Here is a link to the video.





This is the pattern that I used. I only used half the pattern.
Just scroll down and click onto Keep reading.
http://www.diynetwork.com/made-and-remade/make-it/reusable-fabric-knot-bag

I added seam allowance to middle of the bag. Where is it sewn together.
I also marked on the longer handle where the shorter handle would be.
Then folded the paper to get the measurement for the short handle side.

The one in the picture is made from an old pair of curtains
that a Knitting Paradise friend gave me from a thrift shop.
I put 2 large pockets on the inside.
But, the bag is still reversible.
I used the curtain lining for the inside of the bag.
You can add pockets after you sew the lining halves together.
One picture was taken without the flash and came out a little darker.

Please note:
Clip curves in handles before turning and ironing.
Also clip curves after you sew the whole bag together
before turning right side out.
I ironed all the seams open.
Dick


----------



## stitcherann (Feb 3, 2011)

WOW! I do like the fabric.


----------



## ramonarhodes (Jan 14, 2019)

Very nice.

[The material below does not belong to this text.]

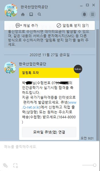 큐넷에 핸드폰번호 등록했더니 방금 합격을 알리는 카톡이 왔습니다.

Thanks for the links, and suggestions. I plan to make one my self.


----------



## janallynbob (Jan 5, 2018)

That is wonderful, beautiful, thank you,

Janallyn


----------



## martina (Jun 24, 2012)

Lovely bag.


----------



## laceluvr (Feb 16, 2012)

Expertly done! Love the fabric you used. Kudos to you! 
Thanks for posting the links.


----------



## HandyFamily (Sep 30, 2011)

Oh, WOW!
SO beautiful!!!


----------



## JoRae (Feb 5, 2013)

Terrific bag. Love your fabric choice. Thank you for the links.


----------



## Wee Brenda (Nov 29, 2011)

Beautiful


----------



## LEE1313 (Jan 25, 2011)

Hi Dick,
They are so lovely. Your sewing skills blow me away.
And your "choice" of fabric is spectacular !!
HUGS


----------



## crafterwantabe (Feb 26, 2013)

Thanks for sharing this with us Dick.... they are beautiful. Wonderful tips too.


----------



## raindancer (Aug 19, 2012)

Beautiful fabric and great tips, thank you!


----------



## Sparkler24 (May 5, 2011)

really beautiful!


----------



## run4fittness (May 22, 2011)

Looking good. :sm24:


----------



## DickWorrall (May 9, 2011)

LEE1313 said:


> Hi Dick,
> They are so lovely. Your sewing skills blow me away.
> And your "choice" of fabric is spectacular !!
> HUGS


Linda,
Thanks and I love that fabric.

Thank all of you for your lovely comments.
Dick


----------



## jojo111 (Aug 2, 2014)

Your Japanese bag is just beautiful! So nicely done and such beautiful fabric. Thank you for the links.


----------



## 3rdcharmer (Jul 9, 2016)

How funny. Im just knitting one of these.


----------



## mikebkk (Oct 6, 2012)

Very nice!


----------



## suzhuz (Jan 16, 2013)

Beautiful!


----------



## betty boivin (Sep 12, 2012)

Lovely bag!


----------



## rujam (Aug 19, 2011)

They are lovely. Unfortunately I'm not a sewer.


----------



## 3rdcharmer (Jul 9, 2016)

rujam said:


> They are lovely. Unfortunately I'm not a sewer.


Knit one


----------



## cinknitting (Feb 17, 2011)

They are lovely!


----------



## 8Linda (Nov 8, 2011)

I have had this pattern for a while now. I need to make one soon. Thanks for the links and your bag is beautiful.


----------



## Margot in FL (Apr 11, 2017)

Lovely fabric and very easy to follow tutorial.


----------



## dialknit (Oct 17, 2012)

Look very good, they are fun to make aren't they. Once you get over the joy of turning though the handles you are o a roll.


----------



## Janpeonys (Jan 20, 2015)

I also hated pulling the fabric thru the small handle. Your idea is better. Thx. I like to make to donate. Yours is beautiful and helps the environment to recycle. Have a great day.


----------



## ljsb3 (Apr 25, 2013)

That is beautiful! I too admire your sewing skills and love the fabric you used and how you cut the pieces to show it. Thanks for the links


----------



## jonibee (Nov 3, 2011)

The fabric and the type of bag certainly go together and it is a work of art..so pretty ..


----------



## alwaysforyou (Dec 6, 2011)

Thanks for sharing the good and bad in finding the easiest pattern for these versatile bags, Dick. I absolutely love the fabric you've used for your bags! Well done, you  Lynn


----------



## julietremain (Jul 8, 2011)

Thanks!
julie


----------



## KateLyn11 (Jul 19, 2014)

Just bought fabric yesterday to make a very simple one. Planning on using it as a KIP bag since I only do small projects when out and about.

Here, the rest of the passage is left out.